HMM

The HMM method can be used to determine the essentiality of the entire genome, as opposed to gene-level analysis of the other methods. It is capable of identifying regions that have unusually high or unusually low read counts (i.e. growth advantage or growth defect regions), in addition to the more common categories of essential and non-essential.

Note

Intended only for Himar1 datasets.


How does it work?

For a formal description of how this method works, see our paper [DeJesus2013HMM]:

The HMM method automatically estimates the necessary internal statistical parameters from the datasets (adjusts for global saturation and read counts).

Usage

> python3 transit.py hmm <combined_wig_file> <metadata_file> <annotation_file> <condition_to_analyze> <output_file> [Optional Arguments]
      Optional Arguments:
          --r <string>     :=  How to handle replicates. Sum, Mean. Default: --r Mean
          --n <string>     :=  Normalization method. Default: --n TTR
          -l               :=  Perform LOESS Correction; Helps remove possible genomic position bias. Default: Off.
          --iN <float>     :=  Ignore TAs occurring at given percentage (as integer) of the N terminus. Default: --iN 0
          --iC <float>     :=  Ignore TAs occurring at given percentage (as integer) of the C terminus. Default: --iC 0

Parameters

You can change how the method handles replicate datasets:

  • Replicates: Determines how the HMM deals with replicate datasets by either averaging the read-counts or summing read counts across datasets. For regular datasets (i.e. mean-read count > 100) the recommended setting is to average read-counts together. For sparse datasets, it summing read-counts may produce more accurate results.


GUI Mode

The HMM analysis method can be selected from the “Method” tab in the Menu Bar.

_images/hmm_selection_gui.png

The parameters to input through the parameter panel for the method is equivalent to the command line usage (see parameter descriptions above for full detail):

_images/hmm_parameter_panel.png

The method is run using the combined wig, metadata, and annotation uploaded into TRANSIT.

Output and Diagnostics

The HMM method outputs two files. One with statistics for individual TA sites, and one with summaries for genes.

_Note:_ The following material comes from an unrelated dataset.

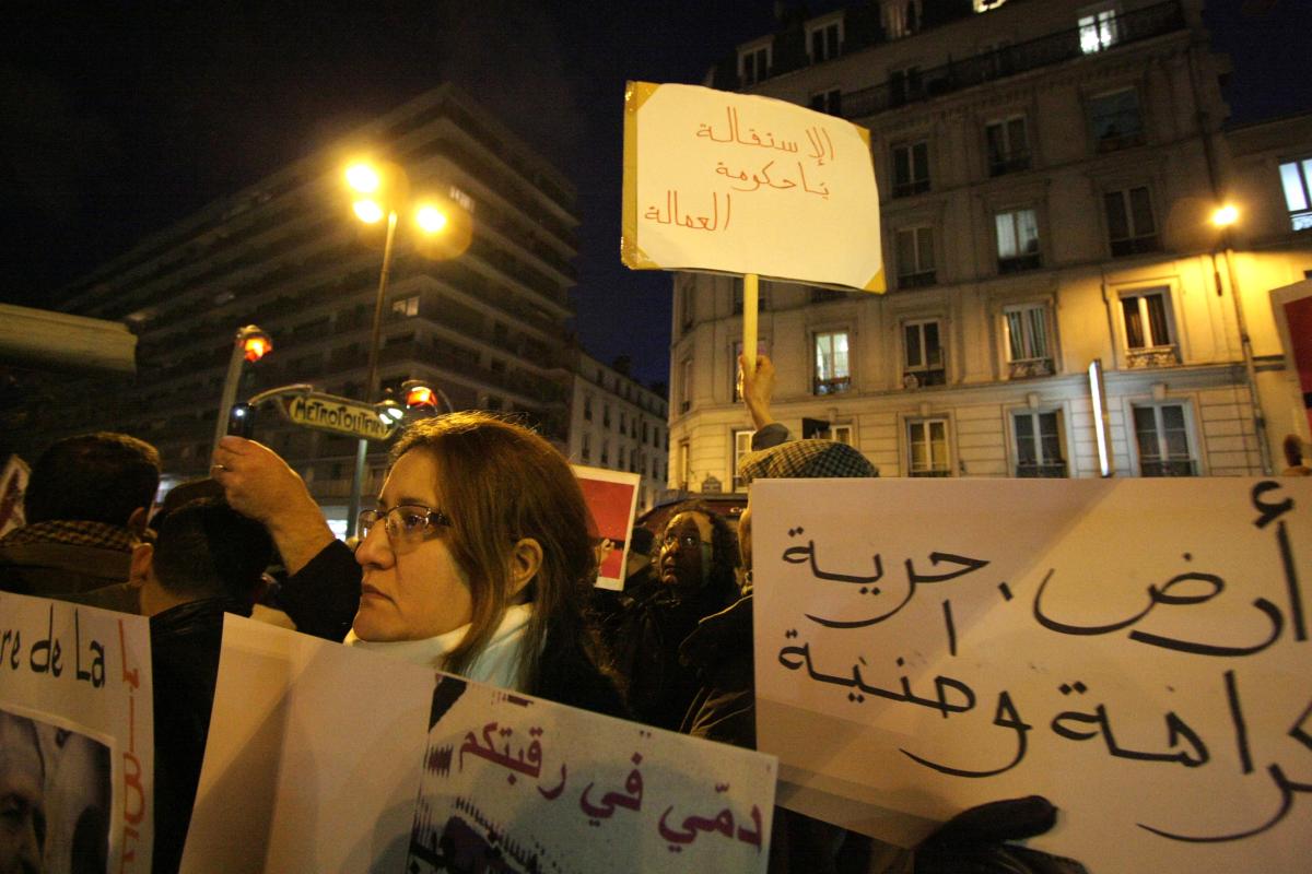 Rassemblement de protestation à Paris, le 7 février 2013, suite à l'assassinat de Chokri Belaïd en Tunisie.

The first file provides the most likely assignment of states for all the TA sites in the genome. Sites can belong to one of the following states: “E” (Essential), “GD” (Growth-Defect), “NE” (Non-Essential), or “GA” (Growth-Advantage). In addition, the output includes the probability of the particular site belonging to the given state. The columns of this file are defined as follows:

Sites Output File:

Column Header

Column Definition

Location

Coordinate of TA site

Read Count

Observed Read Counts

Probability ES

Probability for ES state

Probability GD

Probability for GD state

Probability NE

Probability for NE state

Probability GA

Probability for GA state

State

State Classification (ES = Essential, GD = Growth Defect, NE = Non-Essential, GA = Growth-Defect)

Gene

Gene(s) that share(s) the TA site.

The second file provides a gene-level classification for all the genes in the genome. Genes are classified as “E” (Essential), “GD” (Growth-Defect), “NE” (Non-Essential), or “GA” (Growth-Advantage) depending on the number of sites within the gene that belong to those states.

Genes Output File:

Column Header

Column Definition

Orf

Gene ID

Gene Name

Gene Name

Description

Gene Description

Total Sites

Number of TA sites

ES Count

Number of sites labeled ES (Essential)

GD Count

Number of sites labeled GD (Growth-Defect)

NE Count

Number of sites labeled NE (Non-Essential)

GA Count

Number of sites labeled GA (Growth-Advantage)

Mean Insertions

Mean insertion rate within the gene

Mean Reads

Mean read count within the gene

State Call

State Classification (ES = Essential, GD = Growth Defect, NE = Non-Essential, GA = Growth-Defect)


Note: Libraries that are too sparse (e.g. < 30%) or which contain very low read-counts may be problematic for the HMM method, causing it to label too many Growth-Defect genes.

Run-time

The HMM method takes less than 10 minutes to complete. The parameters of the method should not affect the running-time.